Rapsody – Crown

Voto: 4 +

Una vera e propria first lady del Rap è qualcosa che non si è visto per anni. Quanti saranno stati? Una ventina? Più o meno sì. Con Bahamadia fuori dai giochi e Jean Grae che non ha mai sganciato il classico (e mai è riuscita a brillare nello stesso modo in tutte le bande dello spettro hh), probabilmente bisogna tornare ai tempi di “The Miseducation Of Lauryn Hill” per trovare l’ultima vera ghetto queen a trecentosessanta gradi. Una reggenza, tuttavia, nata e morta con quel disco; profetico figlio unico in una discografia solista soffocata dalle pressioni di fama e pecunia (<<it’s funny how money change a situation>>, cit.).
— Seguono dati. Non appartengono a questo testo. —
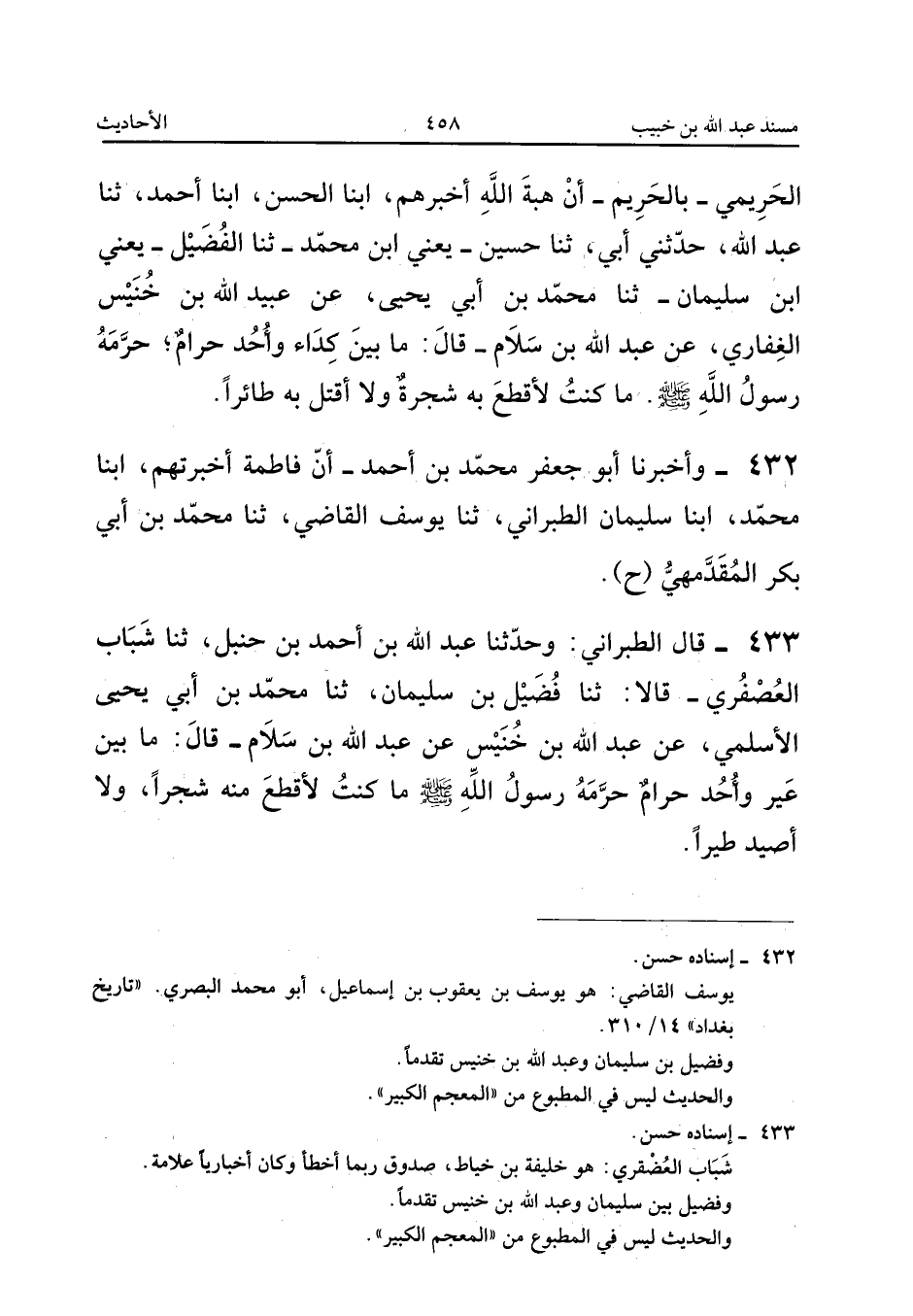 ٤٣٣ - قَالَ الطَّبَرَانِيُّ: وَحَدَّثَنَا عَبْدُ اللهِ بْنُ أَحْمَدَ بْنِ حَنْبَلٍ، ثَنَا شَبَابٌ الْعُصْفُرِيُّ قَالَا: ثَنَا فُضَيْلُ بْنُ سُلَيْمَانَ، ثَنَا مُحَمَّدُ بْنُ أَبِي يَحْيَى الْأَسْلَمِيُّ، عَنْ عَبْدِ اللهِ بْنِ خُنَيْسٍ، عَنْ عَبْدِ اللهِ بْنِ سَلَامٍ قَالَ: «مَا بَيْنَ عَيْرٍ وَأُحُدٍ حَرَامٌ حَرَّمَهُ رَسُولُ اللهِ صَلَّى اللهُ عَلَيْهِ وَسَلَّمَ، مَا كُنْتُ لِأَقْطَعَ مِنْهُ شَجَرًا، وَلَا أَصِيدَ طَيْرًا».

In sordina, però, dal 2011 un nome che gradualmente ha saputo risalire le gerarchie fin quasi alla vetta e sul quale nientepopodimenoche 9th Wonder ha puntato tutto c’è, ed è quello di Rapsody. Una femcee, per usare un orrendo neologismo, che si distingue da numerose sue colleghe rappando come se avesse le palle e non (perdonate la volgarità) il c***o; e che così si è guadagnata un rispetto trasversale, dal fango dei marciapiedi di Snow Hill agli uffici della Roc Nation, all’interno di un ecosistema musicale che, storia alla mano, delle quote rosa non ha mai fatto segreto di fregarsene.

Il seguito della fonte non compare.